Group training for older adults and people with disabilities - as well as the professionals who serve them - is available through other funding sources.

A public-transit commuter calls on as many as 27 different skills to get from Point A to Point B, research indicates. Among them are telling time, counting money, reading a bus/train schedule, recognizing landmarks, interacting with the driver - even knowing how to signal for a stop at the proper time.

"Each customer presents us with a different set of strengths and weaknesses, and we design the training around those," says Karen Alexander, the program's managing director. "Our goal is to give people the ability to come and go at will, and give them a sense of freedom and confidence."

NJTIP - formally, the New Jersey Travel Independence Program - began as a pilot program in 2005 and became a not-for-profit organization in Livingston in 2007. It officially merged with Rutgers In January 2013. Alexander, at the helm since last May, oversees six trainers with experience in special education and in assisting individuals with special needs.

The instructors, many of them Rutgers graduates, are also endowed with a profound understanding of New Jersey's train and bus systems and their quirks.

Typically, a trainer meets with an individual client several times over the course of a month or so, first determining where the client needs to go: work, a shopping center, college classes, a doctor's office.

The trainer maps out a route and rides it at different times of day and different days of the week on the lookout for potential obstacles: Is there broken pavement which might endanger a client in a wheelchair? Are bus stop signs hidden behind overgrown foliage? Does the rider have to cross a major highway after debarking?

Only then do teacher and student take the trip together, frequently more than once, until the client feels entirely familiar with all aspects of the travel experience.

"Sometimes I'll even follow a bus in my car to make sure one of my clients can make the trip with no problems," Lindstrom says. "We're always watching for contingencies that might crop up at the last minute."
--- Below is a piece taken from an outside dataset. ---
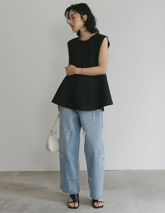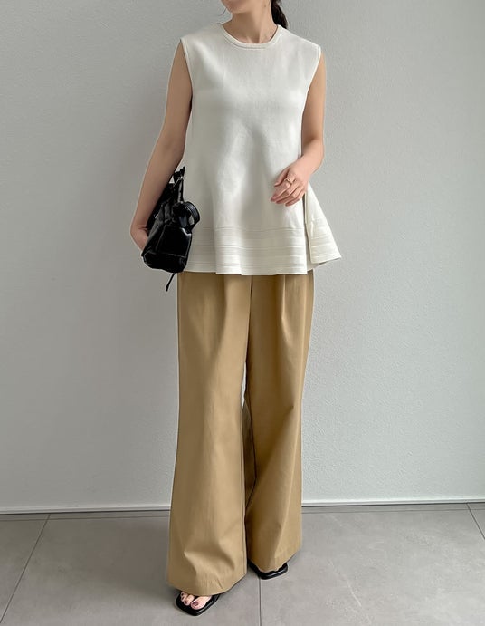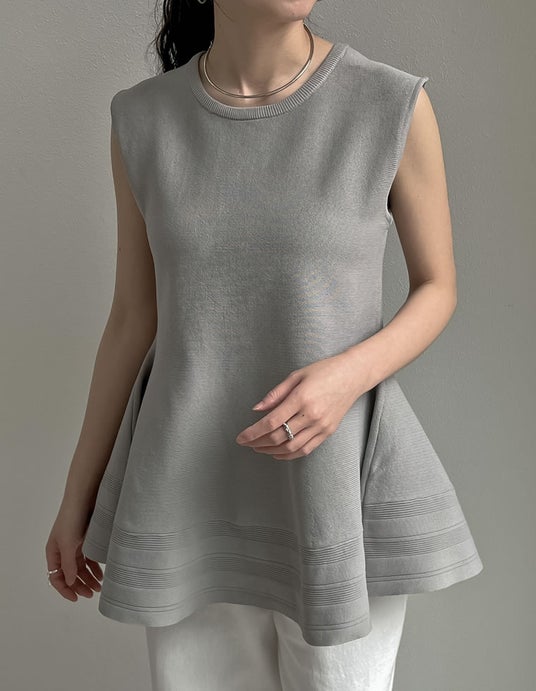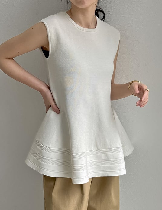 ウエストから緩やかに広がるペプラムシルエットで、エレガントに仕上げたサマーニットトップス。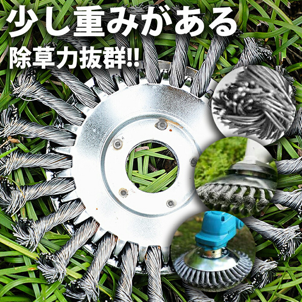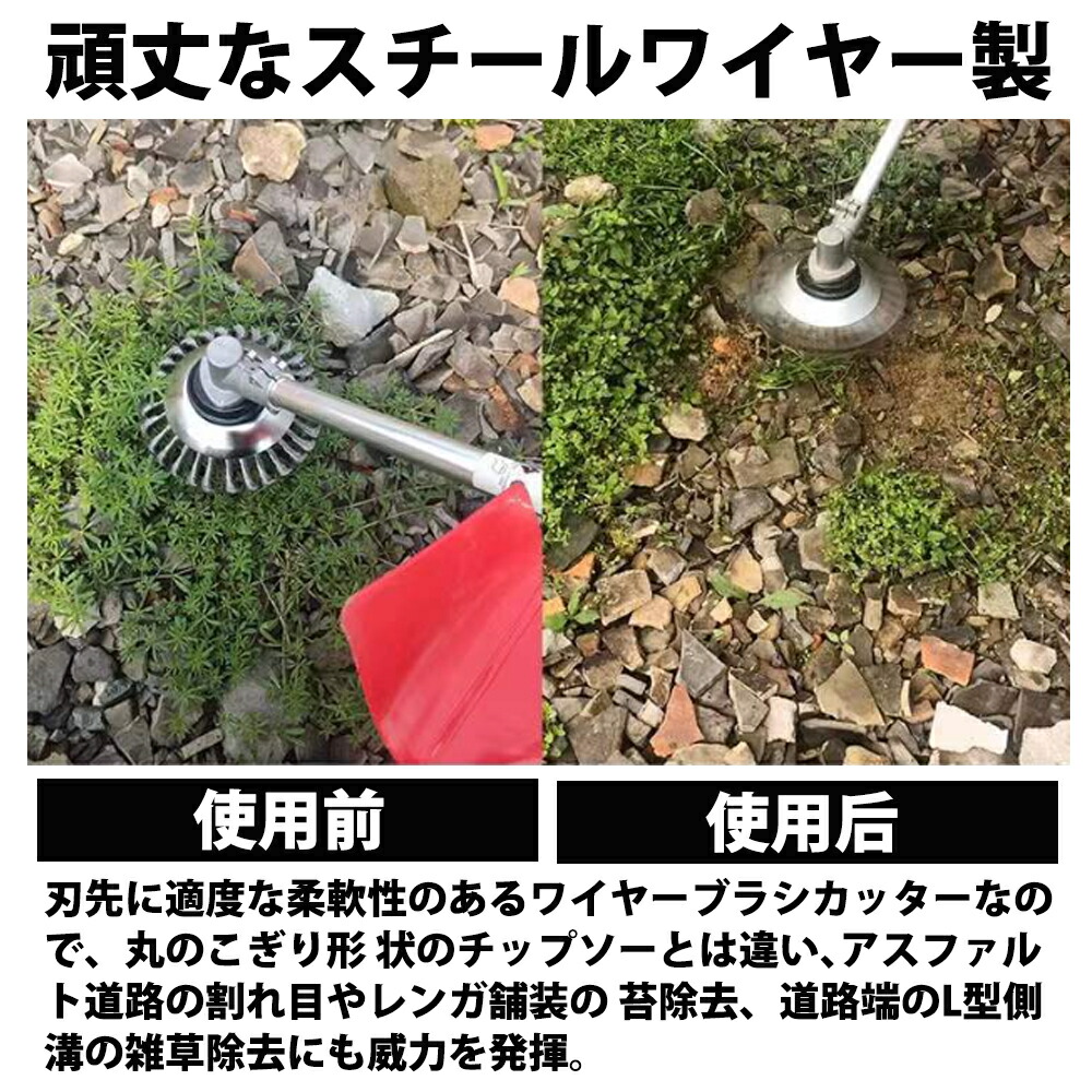商品情報【高品質】 ワイヤーホイールブラシディスクトリミングヘッドは鋼制で、ワイヤーホイールブラシは岩や切り株にぶつかっても簡単には壊れません。ワイヤ素材を使用しているので、研磨や描画後に錆びません。【草刈り機ヘッド】 ガソリン芝刈り機と電働芝刈り機にフィットし、芝刈り機の刃の交換を素早く交換することができます。鋭利なため長期間使用可能です。【取り付け簡単】 草刈機用チップソー丸穴は、草刈り機本体のネジに取り付けられているので、組み立てや取り外しが素早く簡単にできます。取り付けが苦手な方でも問題なく行えます。 具体的な方法は、取付説明書を参照してください。【多機能な使用】 庭や歩道の草刈りに加えて、アスファルト舗装の苔取りやバリ取り、汚れ落としなど、さまざまな場面で優れたパフォーマンスを発揮します。家庭の庭園から公共のエリアまで、幅広い用途で活躍します。【幅広い用途】 このロータリーは、狭い路面角を整えたり、歩道の石や生長物を取り除いたり、砂や砂利の頑固な雑草を取り除いたり、サビやセメントかすを取り除いたり、バリを取り除いたり、研磨用途に最適です。

For Masker, who has been diagnosed with anxiety and other mental-health issues, a key goal was rejoining the workforce after leaving a job as a dietary worker at a hospital close to his home. Lindstrom began working with him in February 2013, first mapping out a route to the Rockaway Town Square Mall, some 40 minutes away, and later designing the best way to get to Employment Horizons, an agency providing services to people with disabilities.

Lindstrom, who received his bachelor's degree in economics from Rutgers in 1977, encouraged Masker to get organized the nights before work, having the correct change ready and reviewing the landmarks before the bus stop where he gets off.
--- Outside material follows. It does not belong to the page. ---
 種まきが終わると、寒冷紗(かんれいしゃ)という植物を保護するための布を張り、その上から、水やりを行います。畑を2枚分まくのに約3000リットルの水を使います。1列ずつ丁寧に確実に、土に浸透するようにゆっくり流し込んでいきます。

In any given week, NJTIP staffers work with five or six customers at various stages of progress, explains Shaquillah McMillan, a travel instructor and 2011 Rutgers graduate with a degree in criminal justice and psychology.

"We don't just teach you how to get on the bus; we also provide you with skills such as reading a web site," says McMillan. She recalls one client - an immigrant from Guyana -- who depended on her daughter to take her everywhere, including dialysis sessions for kidney disease.

"Her problems were not just cognitive, but physical as well. We taught her how to take the bus to the Livingston Mall and how to get to her dialysis, and now she gets around with no help," McMillan says.

NJTIP has "graduated" close to 270 people in its one-to-one component and another 1,200 in group training. Participants must be 18 or older, but NJTIP may train students between 15 and 17 with the supervision of an adult family member or guardian, Alexander says. Instruction is also available in Spanish.

She hopes to tap into the research expertise at the Voorhees Transportation Center to add to the body of academic literature on travel instruction, and to inform transit agencies and service providers nationally about the value of such programs and which approaches work best.